Last year, something called “the new sobriety” took off in a big way and that trend shows no signs of abating. “No longer do you have to feel left out or uncool for being sober,” declared Alex Williams in the New York Times.
Being “sober curious” has caught on and you don’t necessarily have to forget about cocktails, either—just the alcohol. Alcohol-free beer is more popular than ever and there are even non-alcohol whiskey and gin alternatives now.
Ritual Zero Proof—a new company making non-alcoholic gin and whiskey products—was launched last September. Fortune reports that “it had, at the time, a six-month surplus of its product ready to roll out. That inventory sold out in six weeks. The company quickly ramped up production by 400 percent to keep up with demand. And by the end of the year, that stockpile had been largely exhausted.”
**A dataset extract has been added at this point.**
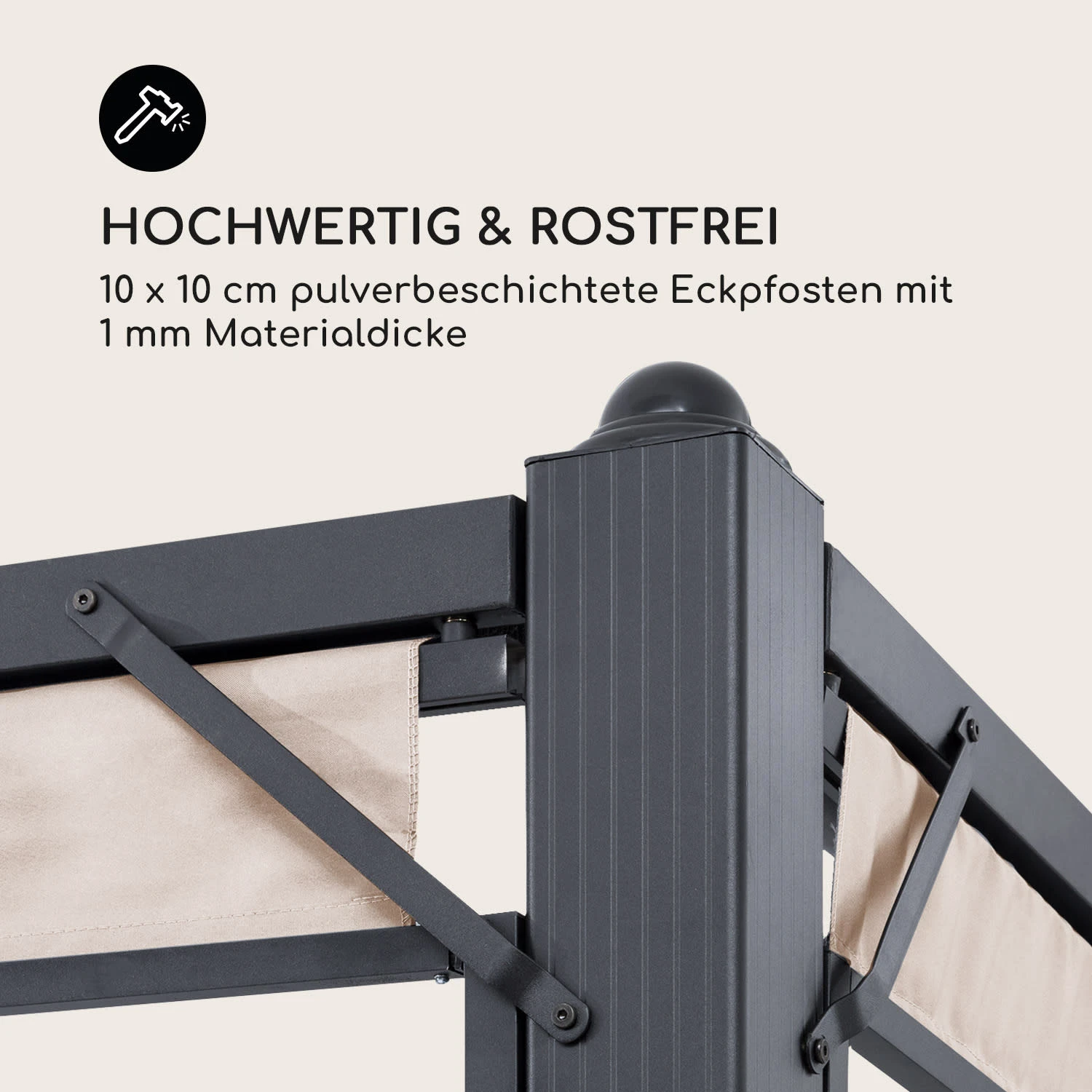 Mit dem stufenlos raffbaren Stoffdach aus 180 g/m² Polyester erhält man die volle Kontrolle über Schatten und Sonne. Der Seilzug lässt das Sonnendach des Pavillons in seinen Führungsschienen geschmeidig vor- und zurückgleiten, die wasserabweisende Beschichtung schützt vor Schimmel und kurzen Regenschauern. Durch die flexibel auf- und abrollbaren Seitenteile aus 160 g/m² Polyester-Stoff bleibt man die ganze Zeit windgeschützt.

Denver may be notorious as the binge-drinking capital of the United States, but many bars in the mile-high city are now serving specialty mixed drinks that are alcohol-free, catering to a growing clientele that is turning its back on America’s drinking culture.
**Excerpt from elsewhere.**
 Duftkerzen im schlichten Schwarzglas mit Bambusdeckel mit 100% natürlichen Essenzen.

“For these New Abstainers, sobriety is a thing to be, yes, toasted over $15 artisanal mocktails at alcohol-free nights at chic bars around the country, or at ‘sober-curious’ yoga retreats, or early-morning dance parties for those with no need to sleep off the previous night’s bender,” wrote Williams.
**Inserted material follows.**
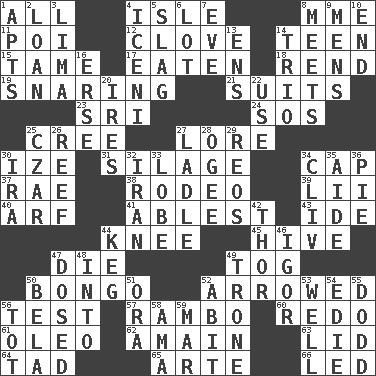 ACROSS 1. 100% 4. Small island 8. Madame (abbr.) 11. Luau course 12. Garlic unit 14. Adolescent 15. Docile 17. Consumed 18. Tear apart 19. Catching in a trap 21. Sets or collections 23. _ Lanka 24. Distress signal 25. Algonquian 27. Old wives' tales, e.g. 30. Ending with capital 31. Fodder prepared in a silo 34. Head covering 37. Actress Charlotte 38. Cowboy competition 39. Cards in a Roman deck? 40. Sandy's bark 41. Most capable 43. Binary compound 44. Leg joint 45. Hub of activity 47. Pass on 49. Coat; cloak 50. Beat drum 52. Moved like an arrow 56. Trial 57. Role for Stallone 60. Make new 61. Butter sub 62. With great haste 63. Hat (slang) 64. Small boy 65. Johnson of "Laugh-In" 66. Directed DOWN 1. Tenement units (abbr.) 2. Grant temporary use of 3. Pale green bean 4. Ancient Celtic tribe of eastern Britain 5. Volcanic refuse 6. Car dealer's back yard 7. First lady 8. Confronts 9. Not women's 10. Conclude 13. Followers of ems 14. Musical group of three 16. Celtic language 20. Angers 22. Purpose 25. Russian ruler of old 26. Coral collection 27. Dipping utensil 28. Double curve, resembling the letter S 29. Vintage cars 30. Retirement account (abbr.) 32. SW Asia republic 33. Ear part 34. 154 in Roman numerals 35. Assistant 36. Sliced dessert 42. Son of Odin 44. Cask 46. Composer Stravinsky 47. Administered medicine 48. To the inside or interior of 49. Heavy duty weighing machine 50. Actor Lugosi 51. Mouth or opening 52. "This won't hurt ____!" 53. Water source 54. Singer Brickell 55. Texas town _ City 56. Small child 58. Nursemaid (var.) 59. Impair

On top of that general trend, many people are currently observing “Dry January.” As the phrase implies, the objective is to remain sober throughout the month of January. The campaign originated a few years ago in the UK and is now catching on in the United States as well.
“Dry January” and the new sobriety are certainly healthy trends considering America’s traditional infatuation with intoxicating liquors. “America had been awash in drink almost from the start—wading hip-deep in it, swimming in it, at various times in its history nearly drowning in it,” noted Daniel Okrent in “Last Call: The Rise and Fall of Prohibition.”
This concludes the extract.